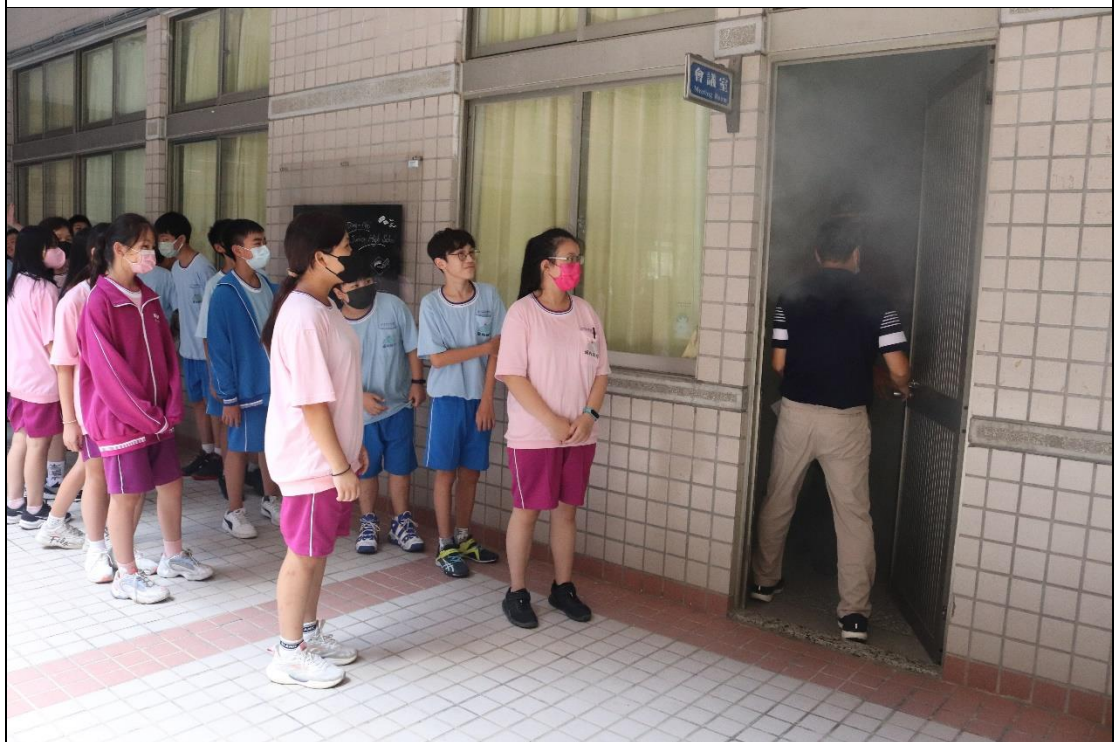
暖暖消防隊支援辦理動態防災教育---體驗煙霧室-
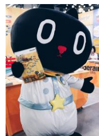
コラボの仲間「クロロ」
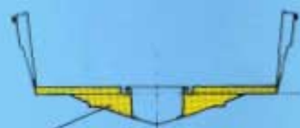
Schnittansicht mit zentraler Komponente aus Polystyrol - unzerstörbar, leicht, verfallendes Cockpit, Schotbolz
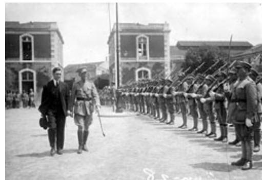
O presidente do Ministério, Domingos de Oliveira, e o ministro das Finanças, Oliveira Salazar, passando revista às tropas, no Governo Militar de Lisboa

A reacção a Mendes Cabeçadas começou com a nomeação de Gomes da Costa para ministro da Guerra, no dia 3 de Junho. À sua volta, uma entourage de oficiais reaccionários, tomou por sua conta o desarme das tropas leais a Mendes Cabeçadas (no Algarve, em Trás-os-Montes e em Mafra). Daí em diante, tinha cada vez menos força para impedir a tomada de poder por Sinel de Cordes e por toda a extrema-direita militar. O golpe definitivo ocorreu depois do Conselho de Ministros de 14 de Junho, onde foi apresentado o “programa de acção” governamental de Gomes da Costa, a exigência do preenchimento do cargo de ministro das Finanças pelo General Sinel de Cordes e a nomeação de Gomes da Costa para a Presidência da República. Era um programa que propunha um reforço dos poderes presidenciais, um sistema presidencialista de governo, uma representação orgânica da nação e uma nova lei eleitoral.
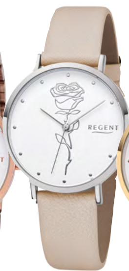
BA-622 Metall IPS, 3 Bar UVP 49,90 €
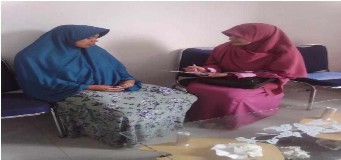
Gambar Wawancara Bersama Kepala Madrasah Aliyah Darul Mukhlisin
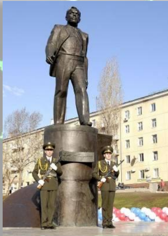
Памятник , Гагарину в Саратове на Набережной Космонавтов
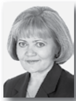
Людмила Бабушкина, председатель Законодательного Собрания Свердловской области:

«Надо максимально снять ограничения с бизнеса. На ближайшие четыре года «зафиксировать» действующие налоговые условия. Для малых предприятий, которые регистрируются впервые, будут предоставлены двухлетние «налоговые каникулы». Также льготы получат производители, начинающиеся с «нуля.»
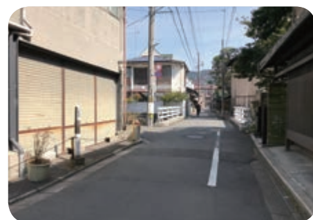
石泉院橋手前で本コースと合流
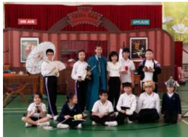
學生完成戲劇互動工作坊後合照
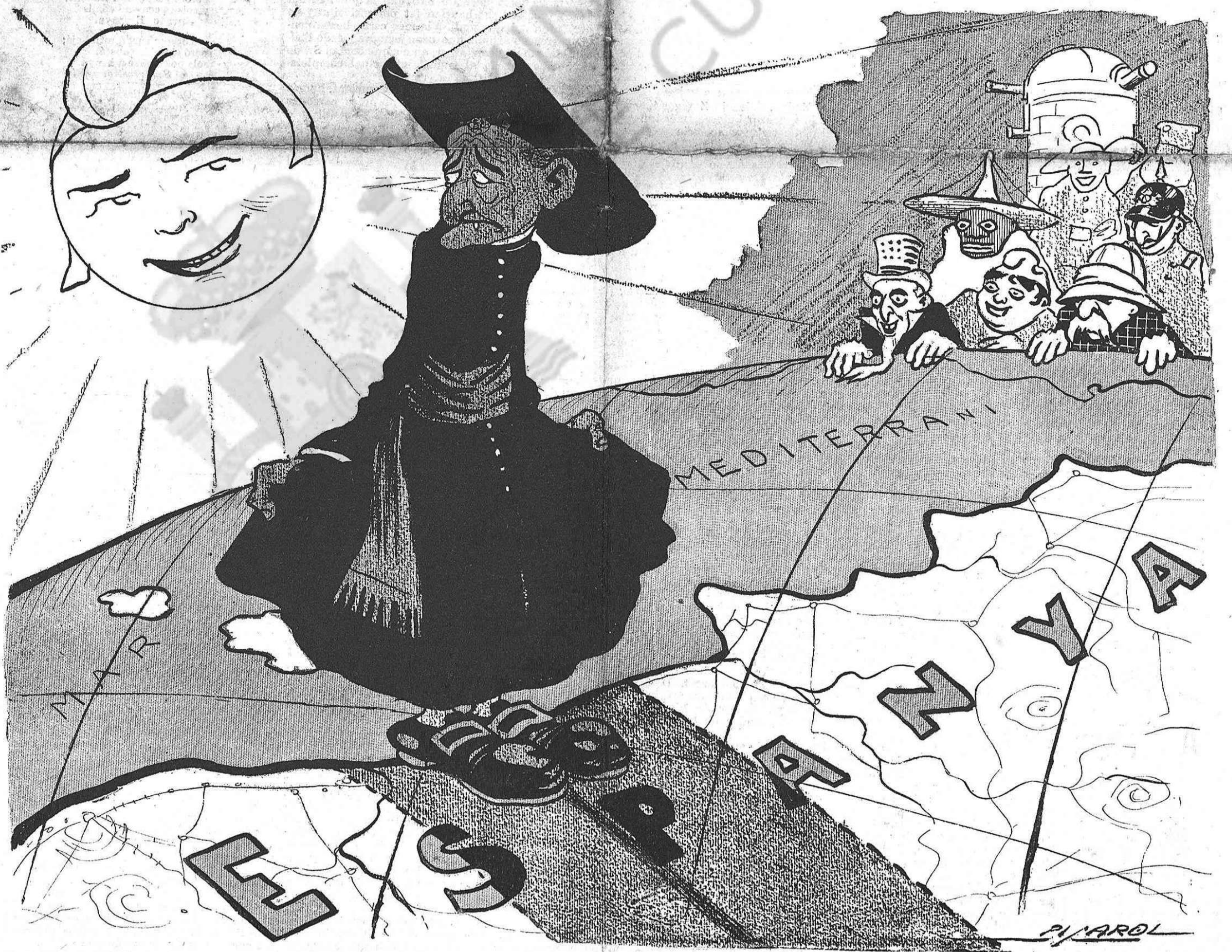
LAS NACIONES EXTRANJERAS:—No hi ha que donarhi voltas: si no treuen aquest trasto que 'ls priva la llum, l' eclipse en aquesta terra será permanent
====
What to do: Starting at the line containing "Памятник , Гагарину" and finishing at the line containing "Людмила Бабушкина, председатель", return those lines exactly as they appear above, without the pictures.

Exercise response:
Памятник , Гагарину в Саратове на Набережной Космонавтов
Людмила Бабушкина, председатель Законодательного Собрания Свердловской области:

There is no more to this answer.